Step 3. Fee-for-Service beneficiaries served by the practices that use the Clover Assistant would enroll in the direct contracting program or be assigned by CMS. The Direct Contracting description provided by CMS suggests beneficiaries enrolled with a New Entrant DCE would primarily do so voluntarily. CLOV indicated in the presentations covering the program, that participants would be identified through claims which may be possible but clearly not the primary mode as far as CMS is concerned.

Step 4. Somehow, CLOV would manage the risk associated with caring for Medicare enrollees on a capitated basis. How they do so would depend on exactly what primary care physicians expect or agree to as part of being in CLOV’s “network.” Given the rather loose arrangement with Primary Care Providers described by CLOV, it is difficult to understand who will get paid what and when. More concerning, of course, is CLOV’s already demonstrated inability to manage the risk they have now. MLR for 4Q 2020 was an eye-popping 109%.

If you have any greater insight into how the CLOV Direct Contracting program will work, by all means share.

There are other strange turns in the story of CLOV. Descriptions of the Seek Insurance Services relationship are contradictory and inconsistent with official filings. The related party disclosures are incomplete and require follow-up.

$CLOV | More Problems Than Carter's Got Pills - Slide2

What really matters is that as vaccine administration proliferates, particularly in the northeast and people begin their return to in-person care, the lack of pricing power derived from having a network and the market influence to negotiate prices suggests that CLOV will be in no better position to manage their MLR than they were in 2020.

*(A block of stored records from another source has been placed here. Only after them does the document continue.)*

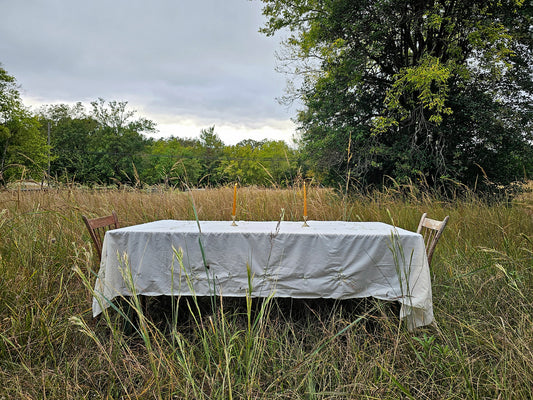 Vintage tablecloth, embroidered rectangle white green brown neutral natural flowers butterflies floral garden scene bow cottagecore country farmhouse
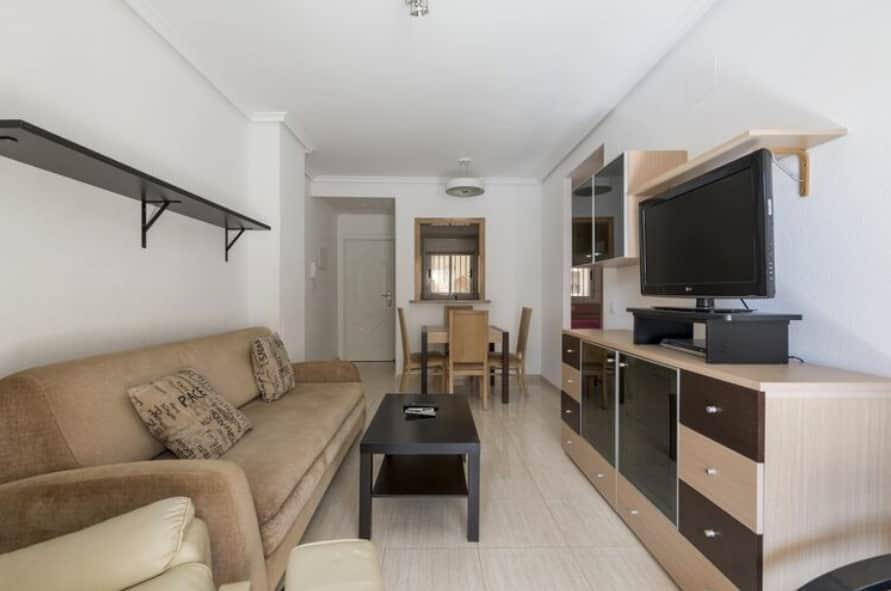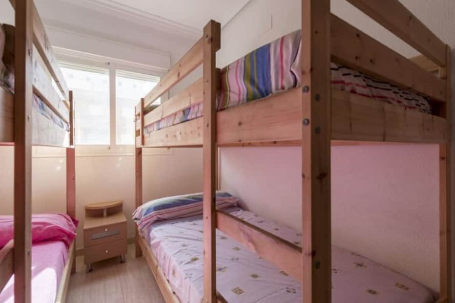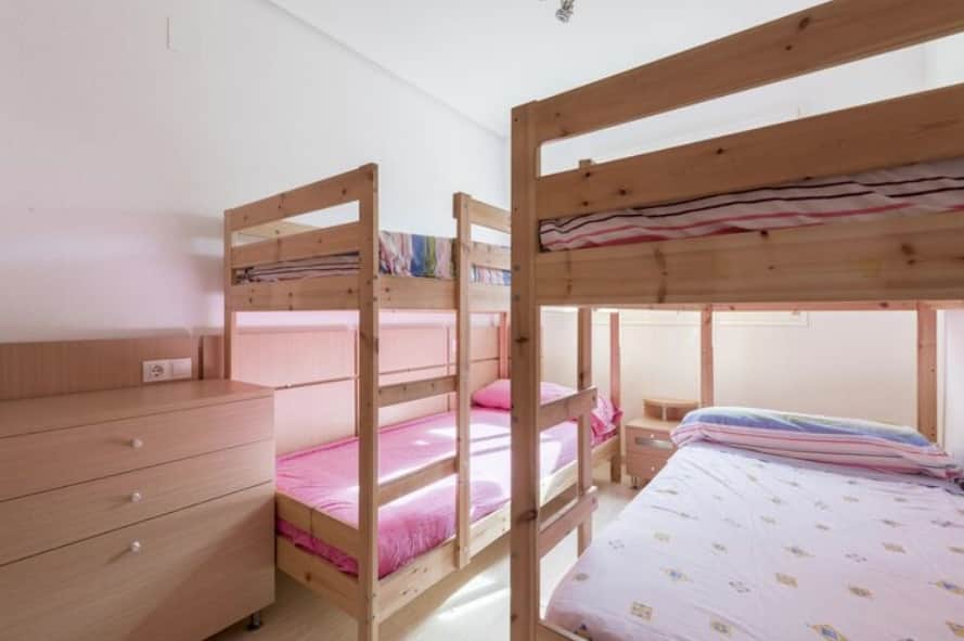 Tiene 2 literas y una cama de matrimonio. En el salón también encontramos una TV.
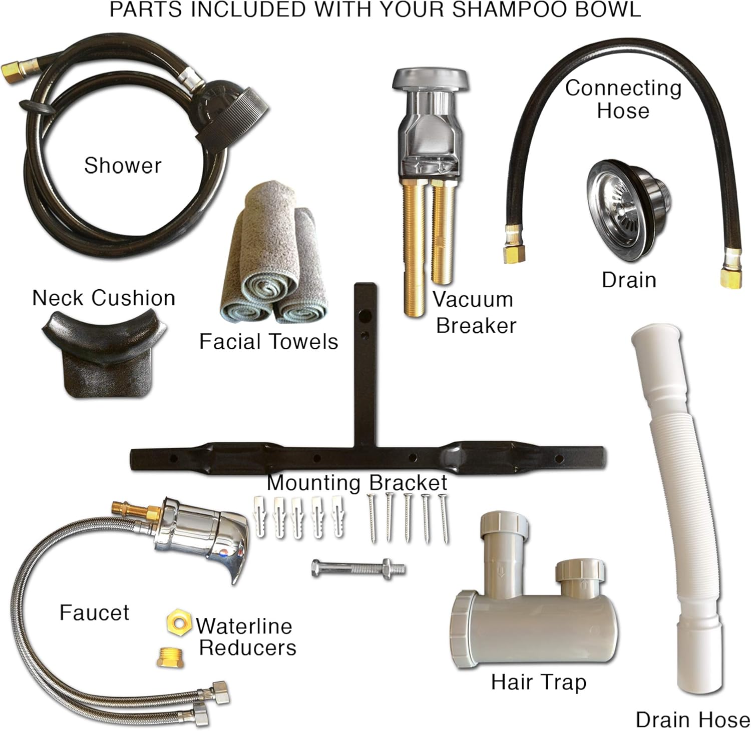 Faucet Vacuum Breaker Hair Trap Gel Neck rest Spray Hose Drain
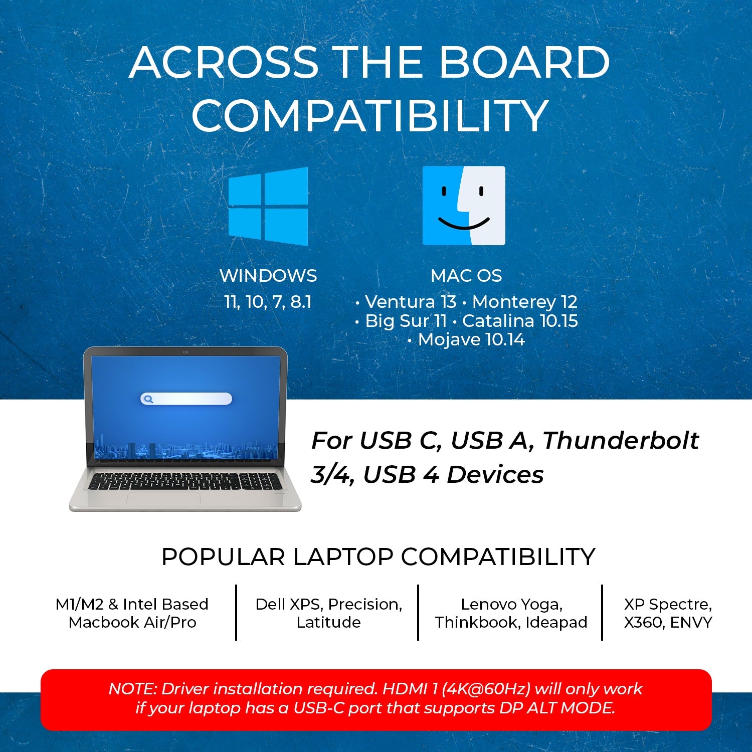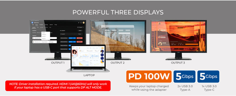 For triple display output to function correctly, driver installation is required (Silicon Motion). The adapter is compatible with Windows 7/8/10/11 and macOS 10.10 or higher. Designed for general productivity, browsing, and office applications, this hdmi splitter for laptop use is not intended for gaming or high-end graphics. Your device must support USB video output to ensure proper operation.
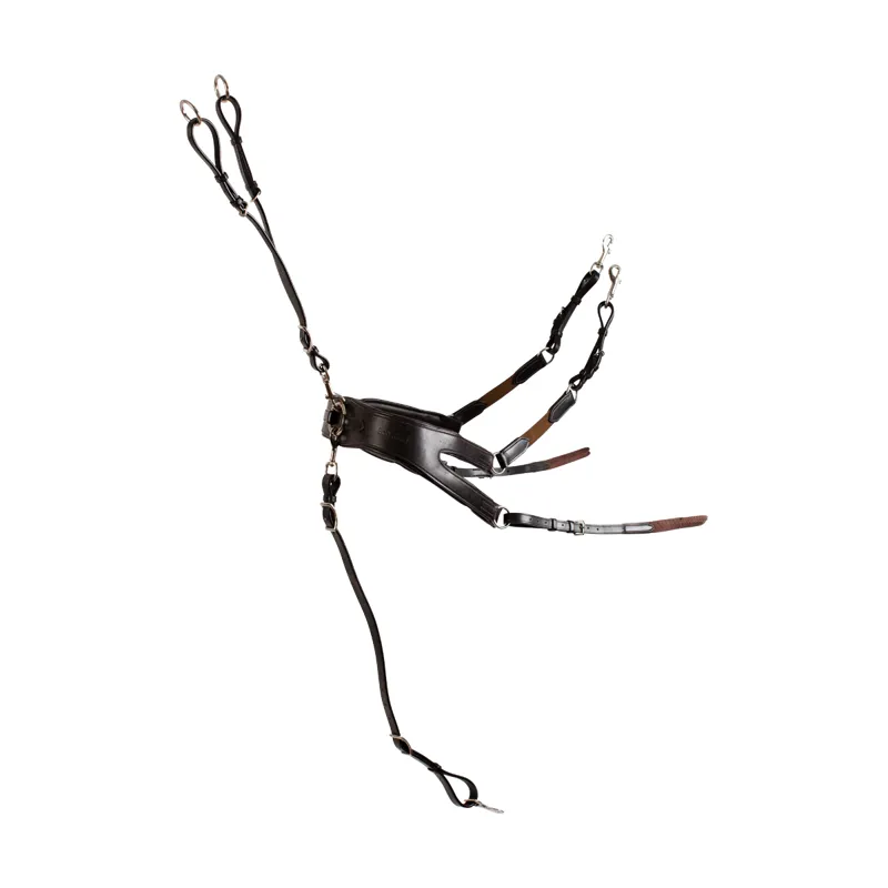 The beautiful Freedom Breastplate prevents the saddle slipping backwards in the take-off phase. It avoids pressure points and gives the horse maximum freedom of the shoulders. Comes with a martingale attachment.
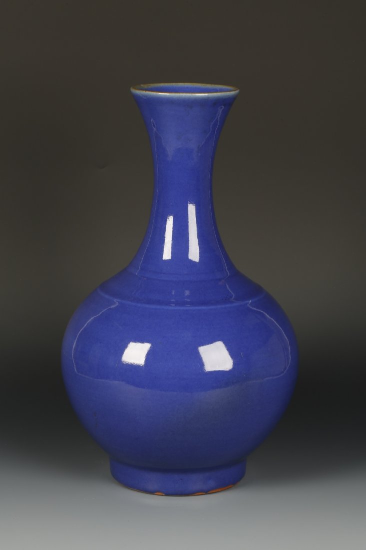 A BLUE-GLAZED VASE with a flared neck and spherical
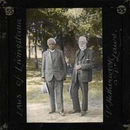 | Keywords: Dr Robert Laws and Dr Alexander Hetherwick, Malawi, ca. 1810-ca. 1925 (imp-cswc-GB-237-CSWC47-LS5-1-055).jpg en <br> Dr Robert Laws and Dr Alexander Hetherwick Malawi ca 1810-ca 1925 Photograph of the Scottish missionaries Dr Robert Laws and Dr Alexander Hetherwick Dr Alexander Hetherwick 1860-1939 was ordained for service with the Blantyre mission in Malawi in 1885 Along with Robert Laws he was one the main architects of the Church of Central Africa Presbytery which was inaugurated in 1924 ; This belongs to a series of Church of Scotland Foreign Missions Committee lantern slides relating to Dr Robert Laws 1851-1934 the Scottish Missionary In 1875 inspired by David Livingstone 1813-1873 Laws travelled to Malawi and was involved in the foundation of the mission station of Livingstonia on the shores of Lake Nyasa During the succeeding 50 years he also established a network of hundreds of schools In 1908 Laws was elected moderator of the General Assembly of the United Free Church of Scotland Photographer Unknown Subject personal name Laws Robert 1851-1934; Hetherwick Alexander 1860-1939 Filename imp-cswc-GB-237-CSWC47-LS5-1-055 tif Coverage date 1910/1925 Part of collection International Mission Photography Archive ca 1860-ca 1960 Type images Part of subcollection Photographs from the Centre for the Study of World Christianity University of Edinburgh U K ca 1900-ca 1940s Repository name Centre for the Study of World Christianity Archival file impaunpub_Volume7/1558 url Repository address The University of Edinburgh School of Divinity New College Mound Place Edinburgh EH1 2LX United Kingdom Geographic subject country Scotland; Malawi Format aacr2 1 lantern slide 8 x 8 cm Geographic subject continent Africa Rights Contact the repository for details Part of series Laws of the Pioneer LS5/1 Repository email divinity-CSWC ed ac uk Subject lcsh Keyword Clergy; Missionaries Date created 1910/1925 Publisher of the digital version University of Southern California Libraries Subject aat genre portraits Format aat lantern slides Legacy record ID impa-m68642 Access conditions http //www ed ac uk/schools-departments/divinity/research/centres/world-christianity/collections-resources File GB 237 CSWC47/LS5/1/55 1910/1925 author http //digitallibrary usc edu/cdm/ref/collection/p15799coll123/id/64678 PD-old-70-1923 Magic lantern images Images from USC Digital Library uploaded by Fæ International Mission Photography Archive ca 1860-ca 1960 |
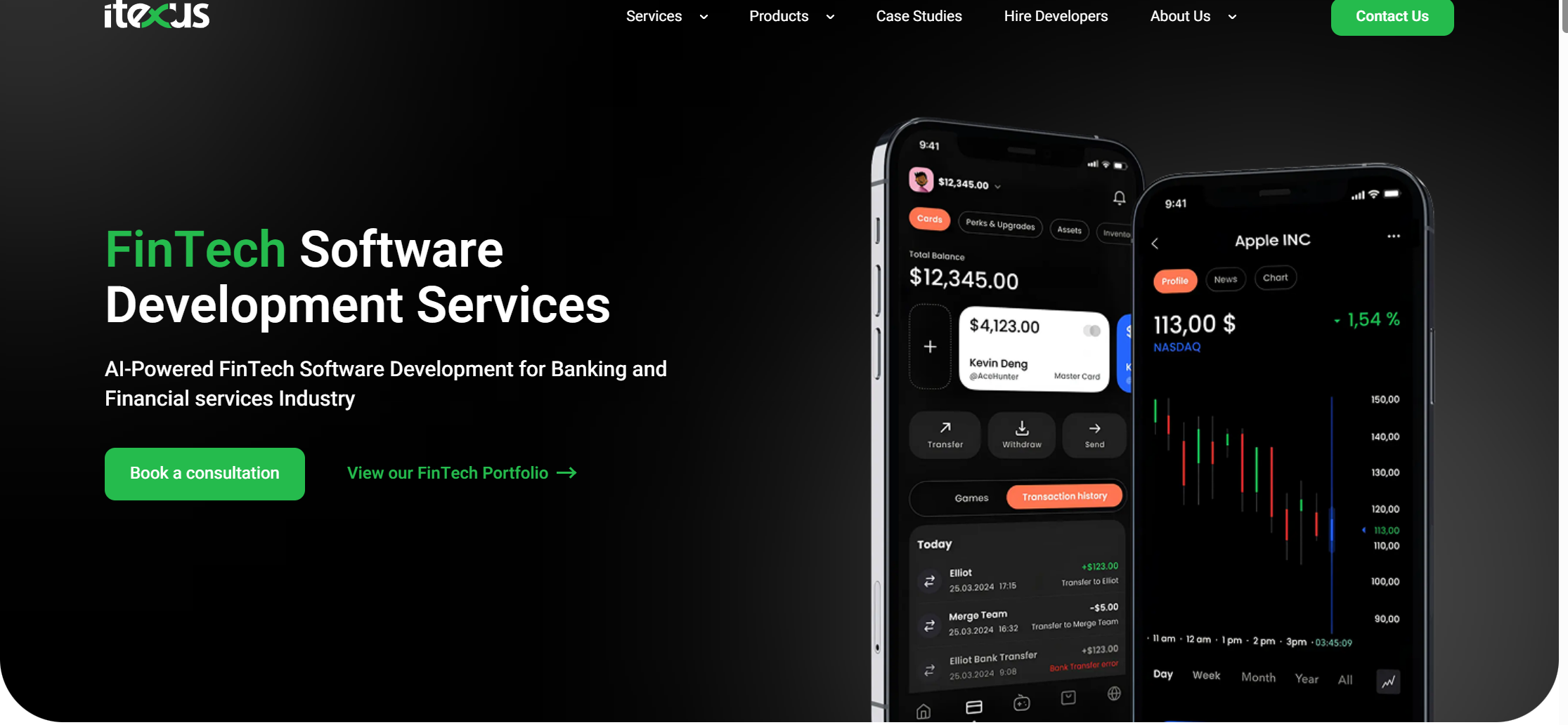 Core services: Custom banking app development, digital wallets, fintech software, open-finance APIs, payment gateway integration. Itexus+1
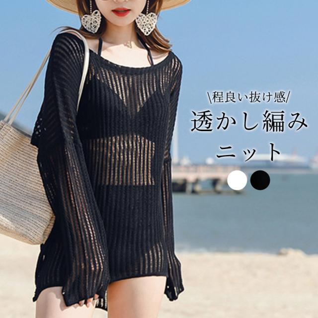 春新作 即納 Tシャツ トップス レディース 長袖 クロシェ編み ニット レース 透け ビーチファッション オーバーサイズ 水着の上から ママコーデ レイヤード ヘム風 薄手 体型カバー ゆったり 上品 無地 エレガント アメカジ セクシー ガーリー 海 春 夏 黒 白
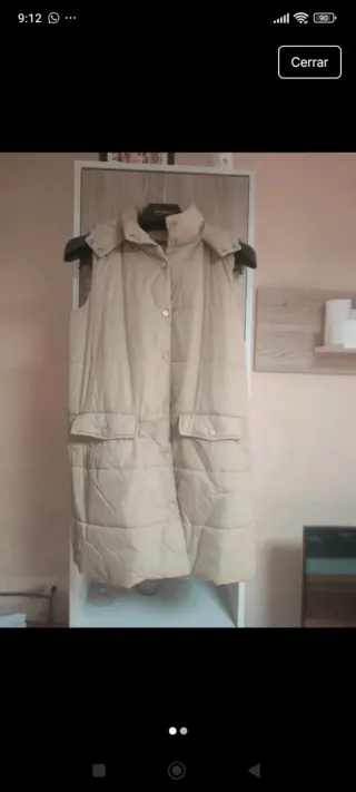 Chaleco largo acolchado, de un precioso y muy de moda color marrón almendra. Cierre con cremallera y bolsillos laterales.
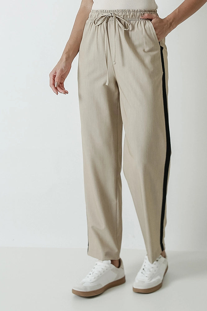Calça no tecido plano com cordão, bolsos e faixa nas laterais;
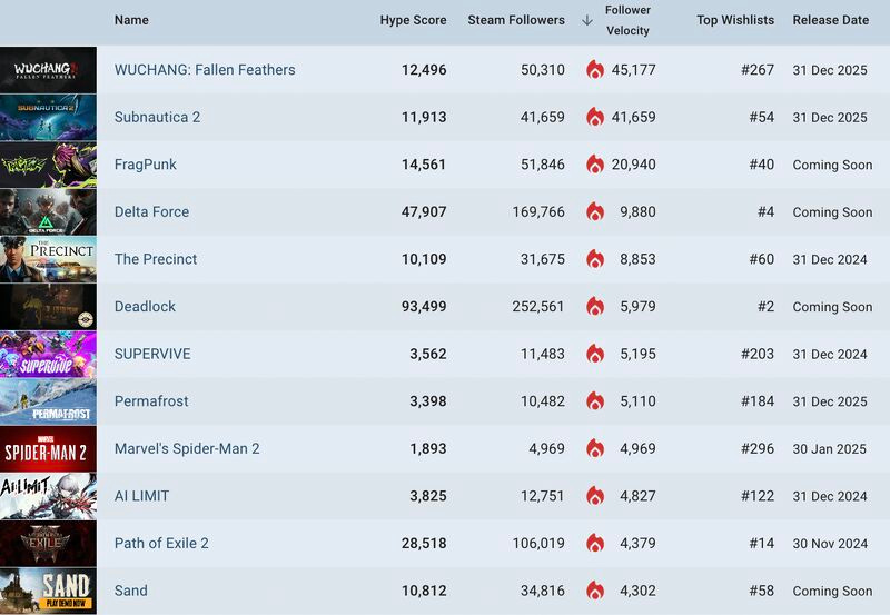 Sure, there’s quite a few Next Fest games in GDCo’s ‘biggest gainers in the last 7 days by Steam followers’ charts, but new trailer for the Black Myth-ish Wuchang: Fallen Feathers (#1) skyrocketed interest in China, and the official announce for Subnautica 2 (#2) also zoomed up the charts. Oh, and there’s Spider-Man 2 for PC!

In fact, things could get worse. New enrollees are often the most expensive in a plan. The explosion in medical costs in 4Q 2020 was prior to the vaccine rollout in New Jersey. As the vaccine proliferates and the disease recedes more care and at higher intensity will be necessary.

$CLOV | More Problems Than Carter's Got Pills - Slide3

Given CLOV’s weak management of their benefit costs, what cash resources the company has could be burned in a few quarters.

Let me know if you have any questions and please share any additional insight. CLOV is one of the stranger stories I have heard over the last few decades, and that is saying something.